Cannes

O caminho que a creator economy ainda está construindo

Creator economy ganha protagonismo em Cannes, mas o próximo salto depende de profissionalização e impacto real

Thiago Bispo

Presidente da BR Media 29 de junho de 2026 - 10h35

E chega ao fim mais um Cannes Lions e trazendo uma análise do lado da creator economy e olhando para o copo meio cheio: vimos evoluções. Há três anos, falar de creator economy em Cannes ainda era assunto de painel lateral. Hoje, é parte relevante dentro do festival, tanto na escala numérica de creators presentes, profissionais do setor e ativações, quanto nos cases e categorias premiadas.

Em 2026, o LIONS Creators, trilha dedicada à creator economy dentro do festival, precisou se mudar para um espaço de praia maior do que ocupava nos anos anteriores, simplesmente porque o anterior não comportava mais a quantidade de marcas, criadores e profissionais que queriam estar ali. O número de ativações dedicadas cresceu na mesma proporção: Canva, Pinterest, TikTok, Amazon e Meta marcaram presença fortemente e até o Mercado Ads levou 30 criadores de conteúdo do Brasil. Cada uma dessas e outras marcas decidiu que valia a pena investir tempo, equipe e orçamento relevante para estar perto dessa comunidade.

E o crescimento não é só de espaço físico. Tivemos também o reconhecimento formal. Em 2025, o tradicional “Social & Influencer Lions” foi renomeado para Social & Creator Lions, com a criação de cinco novas subcategorias dedicadas especificamente a reconhecer o papel do criador na construção de uma campanha. Não se trata de premiar o “uso de influenciador” dentro de uma categoria genérica, é reconhecer que existe um conjunto de competências específicas dos influenciadores que merece ser avaliado com critérios próprios.

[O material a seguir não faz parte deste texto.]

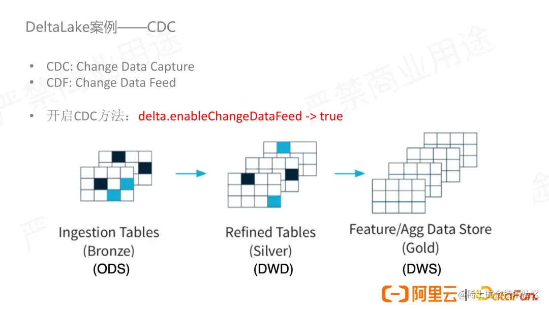 Change Data Capture(CDC, 变化数据捕捉)。最后让我们来讲一下 CDC 场景,这里涉及到 Delta 2.0 发布的非常重要的 CDF 特性。CDC 是一个用来捕捉和识别数据的变化,并将变化的数据交给下游来做进一步处理的场景。CDF 是一种能让表或者数据库能够具备吐出变化数据的能力。CDF 的输出结果可以标识出数据做了什么样的变化,比如 insert,update 或者 delete,以及可以让我们知道数据在变更前后的内容,CDF 同时也包含了版本数据变化的时间点和版本号信息。在 Delta Lake 中开启 CDF 只需将 delta.enableChangeDateFeed 设为 true。

O case “Vaseline Verified”, da Unilever com a Ogilvy de Singapura, é um desses exemplos: uma campanha que nasceu da colaboração com creators desde a concepção da ideia e não como mídia comprada ao final do processo, mas como parte do raciocínio criativo desde o briefing. O destaque brasileiro no festival caminha na mesma direção. A Heineken, em campanha da LePub, levou para casa o Grand Prix de Social & Creator com a campanha “Podia ser uma Heineken”, além de cinco leões de ouro, dois de prata e um de bronze, tornando-se a ação mais premiada do Brasil no festival. Os critérios de julgamento do próprio Cannes Lions para essa frente, que combinam ideia, estratégia, execução e resultado, deixam claro que não há mais espaço, nesse palco, para post bonito sem entrega de negócio.

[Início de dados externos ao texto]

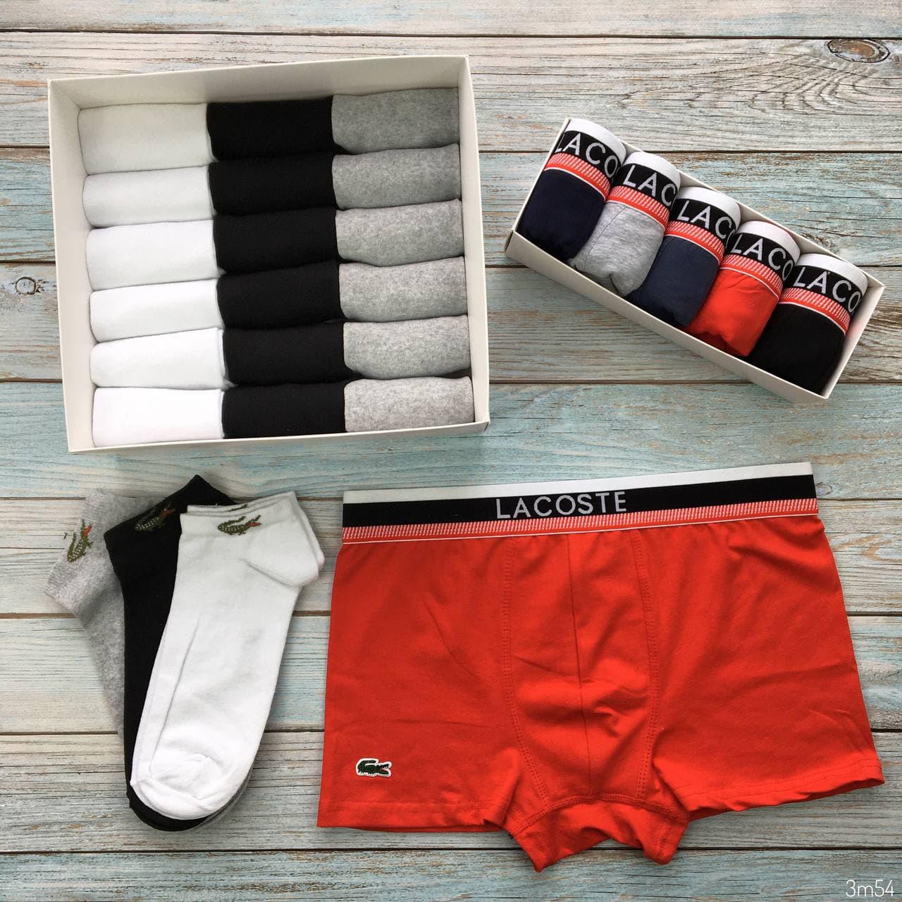 Набор мужских трусов и носков, мужское белье Lacoste в коробке PREMIUM BOX.

São cases que mostram, na prática, o que significa tratar o marketing de influência como pilar central, e não como canal de distribuição. E é esse padrão que precisa deixar de ser exceção premiada e se tornar prática comum.

Esse é o tamanho do caminho percorrido em pouco tempo. E ainda assim, vale dizer com honestidade: estamos no meio da travessia, não no fim dela.

Aqui está o ponto mais importante, e o mais honesto: o espaço que os criadores conquistaram em Cannes, eles conquistaram trabalhando, não esperando serem convidados. Foi entrega, talento e consistência que fizeram esse mercado crescer do jeito que cresceu nos últimos anos.

E é exatamente por isso que a próxima fase exige outra postura. Menos energia gasta discutindo se fomos ou não incluídos, mais energia investida em profissionalizar o que já conquistamos. A pauta que sustenta crescimento de longo prazo não é a de quem se sente de fora pedindo espaço, mas sim a de quem já está dentro e quer construir as estruturas que tornam esse espaço permanente: medição confiável, modelos de parceria que duram além de uma campanha, e um padrão de profissionalismo que coloque criador e marca na mesma mesa de planejamento, desde o início.

A indústria de marketing de influência vem amadurecendo rápido. O próximo capítulo vai ser escrito por quem souber construir, com método e ambição, em cima do espaço que já foi conquistado.